HackerOne Founds Hacking Policy Council with Fellow Industry Leaders in Continued Drive to Improve Cybersecurity Policy for Ethical Hackers, Businesses, and Governments

HackerOne Founds Council with Google, Intel, and Others to Advocate for the Protection of Good Faith Security Research and the Adoption of Cybersecurity Best Practices

SAN FRANCISCO, April 13, 2023: HackerOne, the leader in Attack Resistance Management, announced the formation of the Hacking Policy Council in conjunction with the Center for Cybersecurity Policy and Law and other leading organizations experienced in security researcher engagement. As a founding member, HackerOne will advocate for policies encouraging vulnerability detection, management, and disclosure best practices and improved protections for good faith security research.

“As the threat landscape continues to evolve, policymakers must consider how the hacking community can help organizations meet this challenge. The Council aims to advocate for policy outcomes that will best enable vulnerability discovery and disclosure and protect the hackers working to improve the security of the products and systems we all use,” said HackerOne Chief Policy and Legal Officer Ilona Cohen. “I look forward to bringing lessons from my background in the federal government and HackerOne’s work with the hacking community to inform the Hacking Policy Council’s agenda.”

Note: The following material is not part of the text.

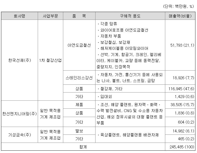 당사는 건설, 조선, 기계, 부품등에 사용되는 아연도금철선 및 스테인리스강선, 철강재를 생산, 판매 하고 있으며, 종속회사인 한선엔지니어링(주)는 조선, 해양 플랜트, 원자력ㆍ화력ㆍ수력 발전설비 등 고가의 장비 또는 설비의 핵심부품으로 사용되는 제품인 계장용 Fitting 및 Valve를 생산, 판매하고, 기성금속(주)는 정유플랜트, 담수화플랜트 등 육상플랜트 및 해양플랜트용 배관자재 Valve를 생산판매하고 있으며, 각 제품별 매출액 및 총매출액에서 차지하는 비율은 다음과 같습니다.

As cyberattacks increasingly impact consumers, more businesses and governments have begun to recognize the benefits of security research to reduce the risk of a breach. However, misinformed and outdated notions about vulnerability disclosure persist, and some organizations still struggle to effectively adopt best practices like vulnerability disclosure programs (VDPs). Overly restrictive legacy laws create uncertainty that discourages good faith security research, and emerging legal requirements mandating rushed or premature vulnerability reporting can negatively impact collective cybersecurity efforts. A recent HackerOne survey also revealed 64% of organizations still admit to a culture of security through obscurity, which hinders industry collaboration and transparency. 

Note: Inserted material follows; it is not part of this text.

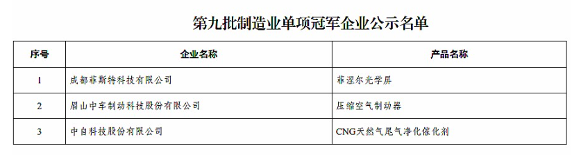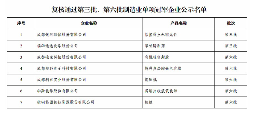 四川发布客户端消息 今日,四川省经济和信息化厅公示了四川省第九批制造业单项冠军企业名单和复核通过第三批、第六批制造业单项冠军企业名单。公示时间为2025年10月29日至11月4日。

HackerOne will address these challenges through the Hacking Policy Council by working with the security, business, and policymaking communities to: 

  • Promote collaboration across these communities for increased transparency and understanding
  • Encourage a further cultural shift toward protecting and embracing good faith security research and ethical hackers
  • Build a more favorable legal environment for and educate these communities on the benefits of best practices such as VDPs, pentesting, and bug bounty programs
  • Drive policies that encourage hacker engagement and the adoption of vulnerability policies that increase all organizations’ resistance to attack

“HackerOne will always push to effect industry change that protects the research of the hacker community and enhances the security of our customers. These advocacy efforts contribute to our mission of building a safer internet,” said HackerOne CEO Marten Mickos. “Joining the Hacking Policy Council will strengthen our message and expedite how quickly we can reach policymakers to shape their agendas.”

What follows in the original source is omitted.